— Problem description —
A verbatim copy of the listing is what is needed, minus any pictures.
▬▬▬
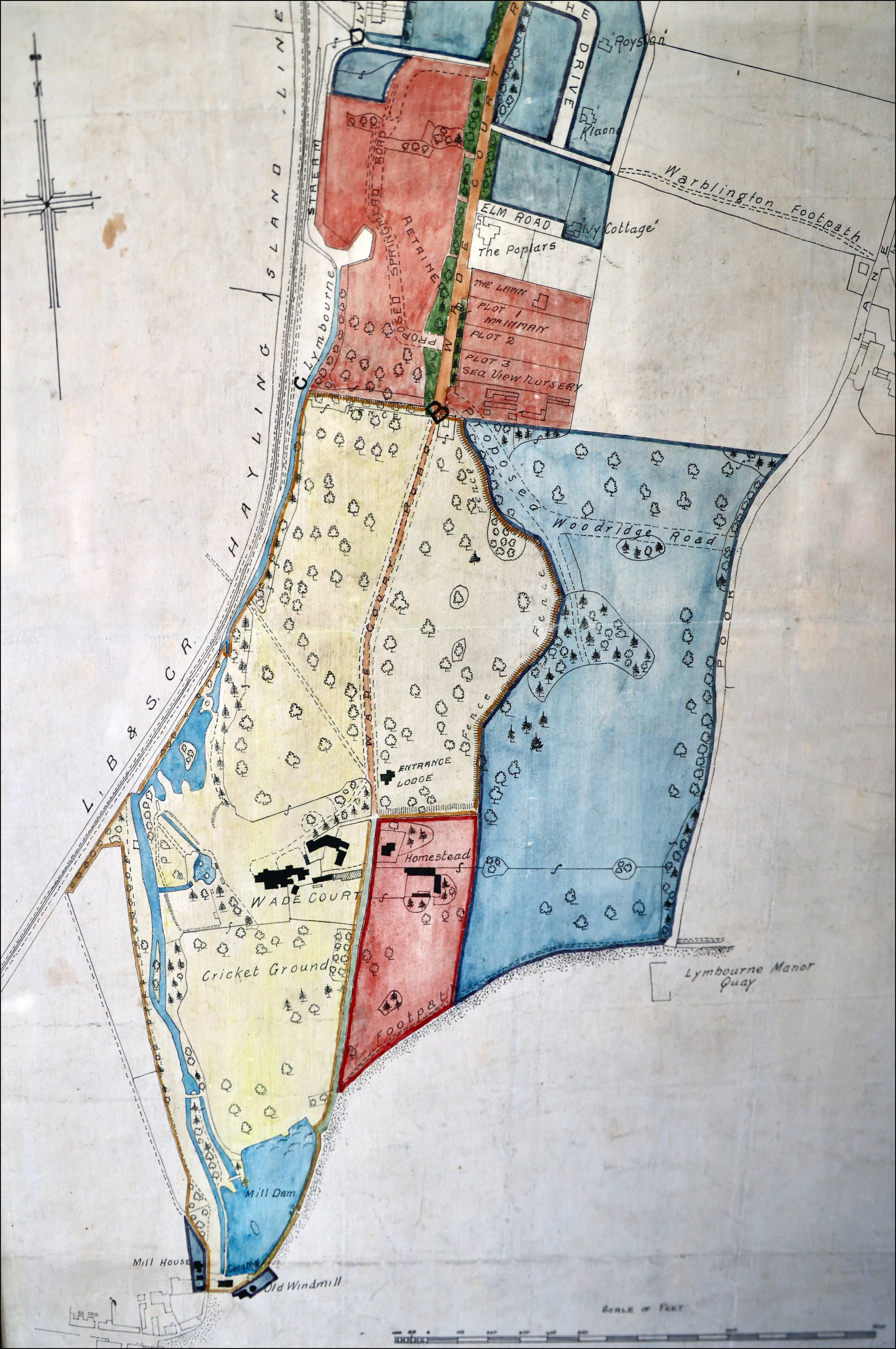 Our first point of reference here is the map included with the 1912 auction catalogue for the sale of land belonging to the Wade Court Estate. This lovely water-coloured map shows the parcels of land included in that sale, including the millpond and neighbouring properties. For a little more information on the Wade Court estate, please refer to this recent article on the estate published in the Winter 2020 / Spring 2021 issue of Hampshire Gardens Trust magazine.
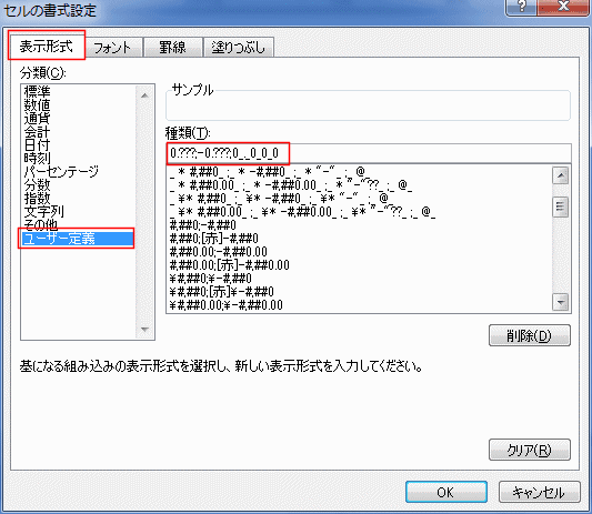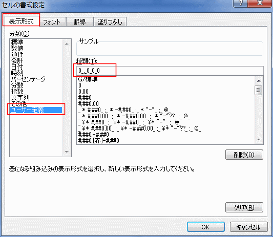 「ユーザー定義」を選択して、「0_._0_0_0」と入力します。
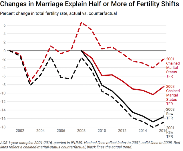 However, the marriage % is declining. Statistically, this marriage decline explains a great deal of the fertility decline:
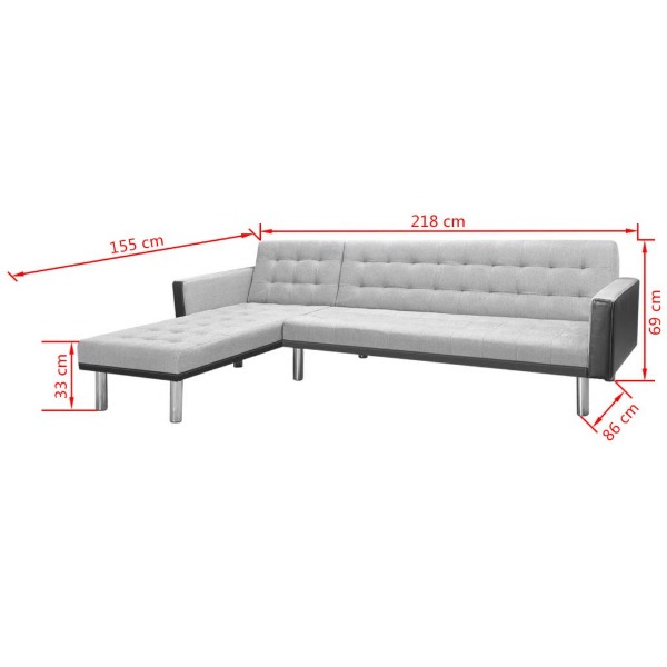 - Abmessungen des Sofas mit Liege: 218x155 x 69 cm (L x B x H)
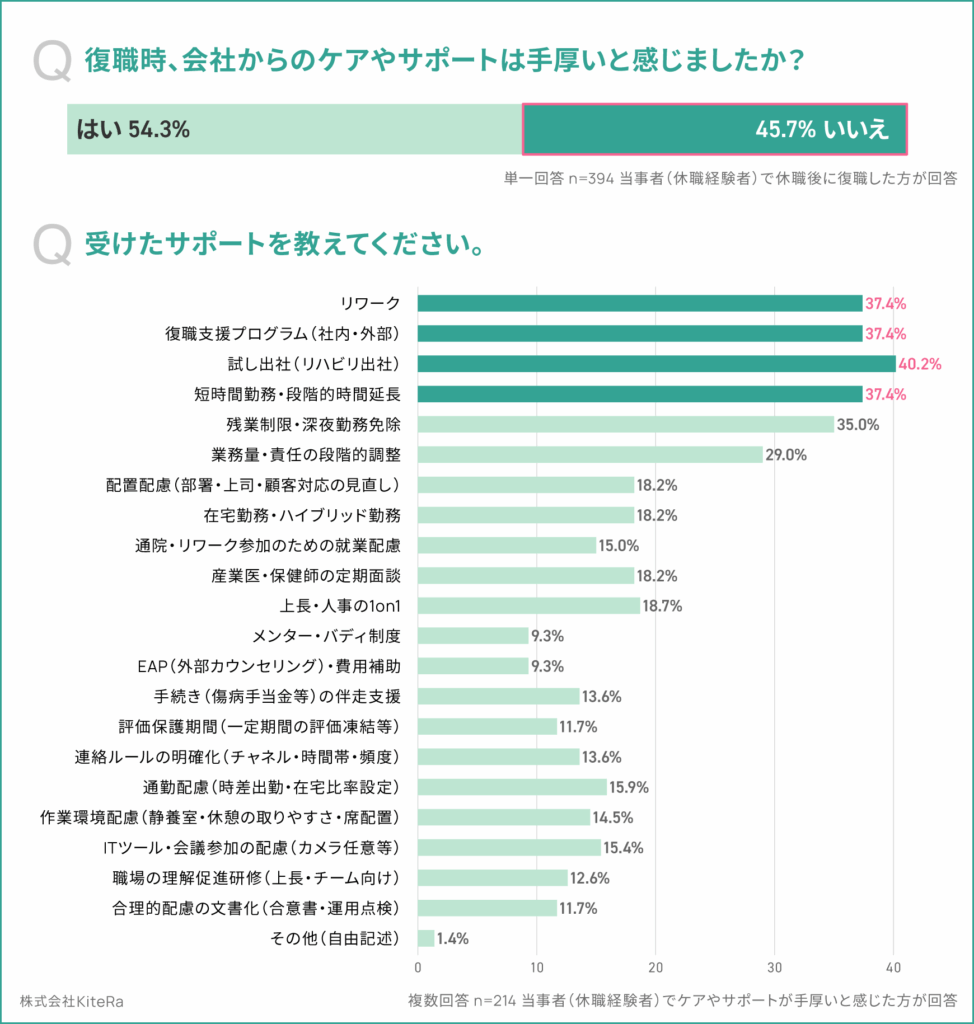 さらに、「復職時、会社からのケアやサポートが手厚いと感じた方」に、「受けたサポートを教えてください(複数回答)」と質問したところ、最も多かったのは「試し出社(リハビリ出社)」が40.2%、次いで「短時間勤務・段階的時間延長」が37.4%、「リワーク」が37.4%、「復職支援プログラム(社内・外部)」が37.4%という結果となりました。
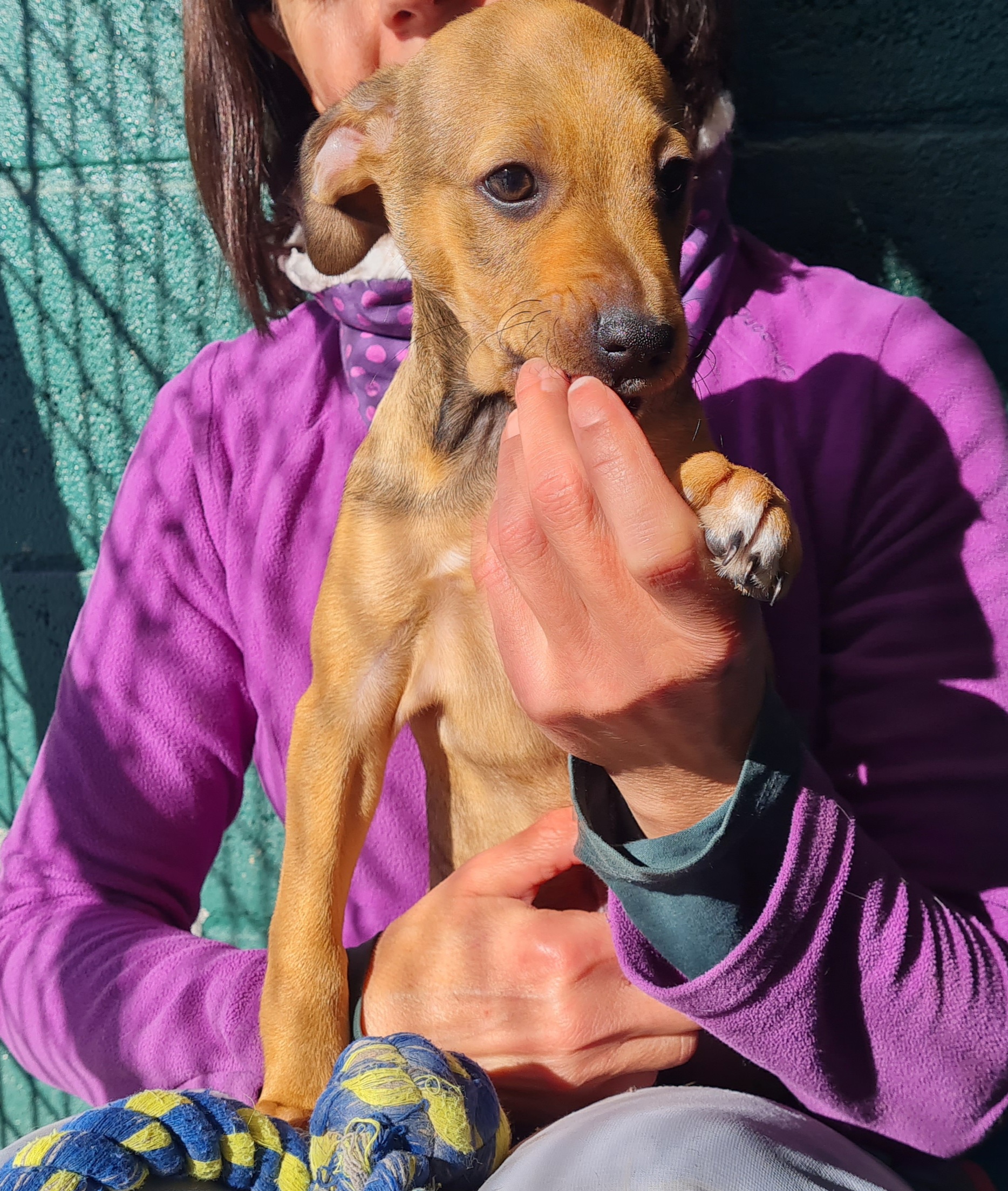 De momento tiene el típico carácter de cachorro: enérgico y vital, con mucha necesidad de contacto y con todo un mundo por descubrir. Para que pueda ser dada en adopción, la familia interesada tendrá que esperar a que cumpla el calendario de vacunación. Además, somos firmes defensoras de que, ya que no están con su madre, al menos que pasen el mayor tiempo posible en compañía de sus hermanos. Ello redundará en su beneficio emocional y le hará ser una perrita equilibrada en el futuro. De adulto parece que no serán muy grandes.
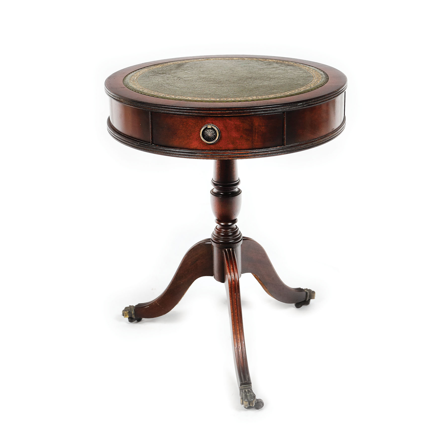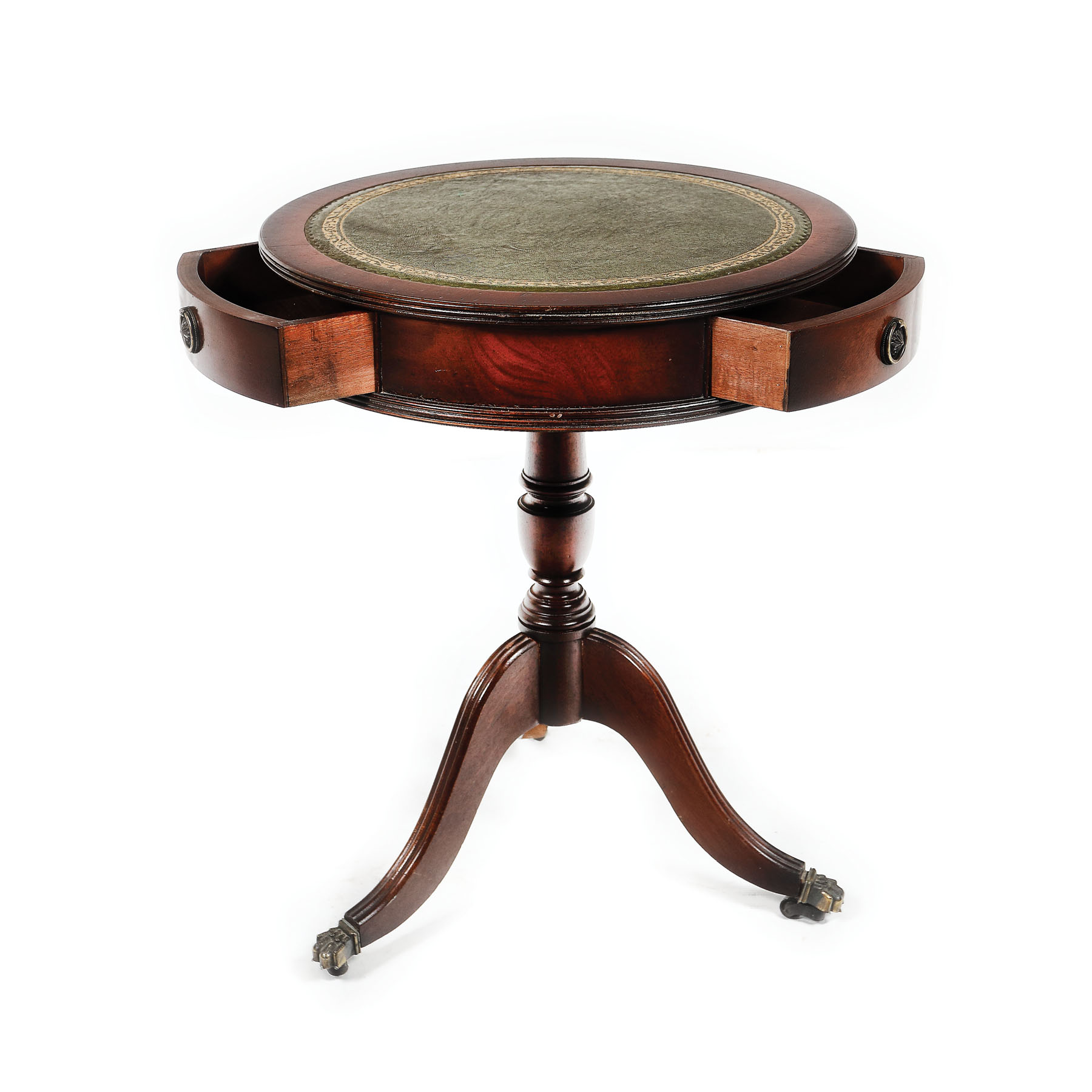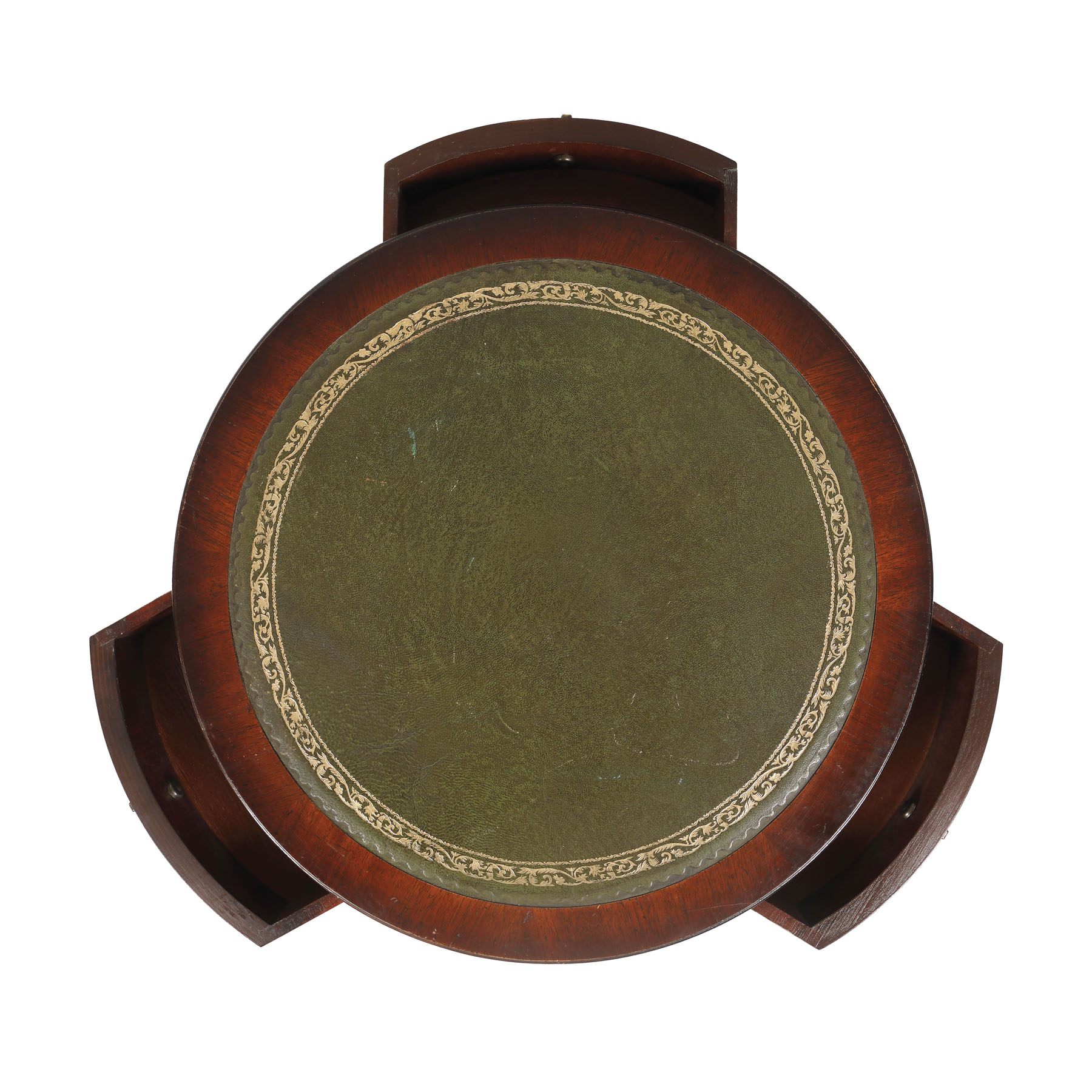 Masă mică de joc, pe picioare cu manșoane gheare de leu pe rotile, cu blat circular, cu trei sertare mici la centură.
▬▬▬
— Answer for the task —
 Our first point of reference here is the map included with the 1912 auction catalogue for the sale of land belonging to the Wade Court Estate. This lovely water-coloured map shows the parcels of land included in that sale, including the millpond and neighbouring properties. For a little more information on the Wade Court estate, please refer to this recent article on the estate published in the Winter 2020 / Spring 2021 issue of Hampshire Gardens Trust magazine.
 「ユーザー定義」を選択して、「0_._0_0_0」と入力します。
 However, the marriage % is declining. Statistically, this marriage decline explains a great deal of the fertility decline:
 - Abmessungen des Sofas mit Liege: 218x155 x 69 cm (L x B x H)
 さらに、「復職時、会社からのケアやサポートが手厚いと感じた方」に、「受けたサポートを教えてください(複数回答)」と質問したところ、最も多かったのは「試し出社(リハビリ出社)」が40.2%、次いで「短時間勤務・段階的時間延長」が37.4%、「リワーク」が37.4%、「復職支援プログラム(社内・外部)」が37.4%という結果となりました。
 De momento tiene el típico carácter de cachorro: enérgico y vital, con mucha necesidad de contacto y con todo un mundo por descubrir. Para que pueda ser dada en adopción, la familia interesada tendrá que esperar a que cumpla el calendario de vacunación. Además, somos firmes defensoras de que, ya que no están con su madre, al menos que pasen el mayor tiempo posible en compañía de sus hermanos. Ello redundará en su beneficio emocional y le hará ser una perrita equilibrada en el futuro. De adulto parece que no serán muy grandes.
 Masă mică de joc, pe picioare cu manșoane gheare de leu pe rotile, cu blat circular, cu trei sertare mici la centură.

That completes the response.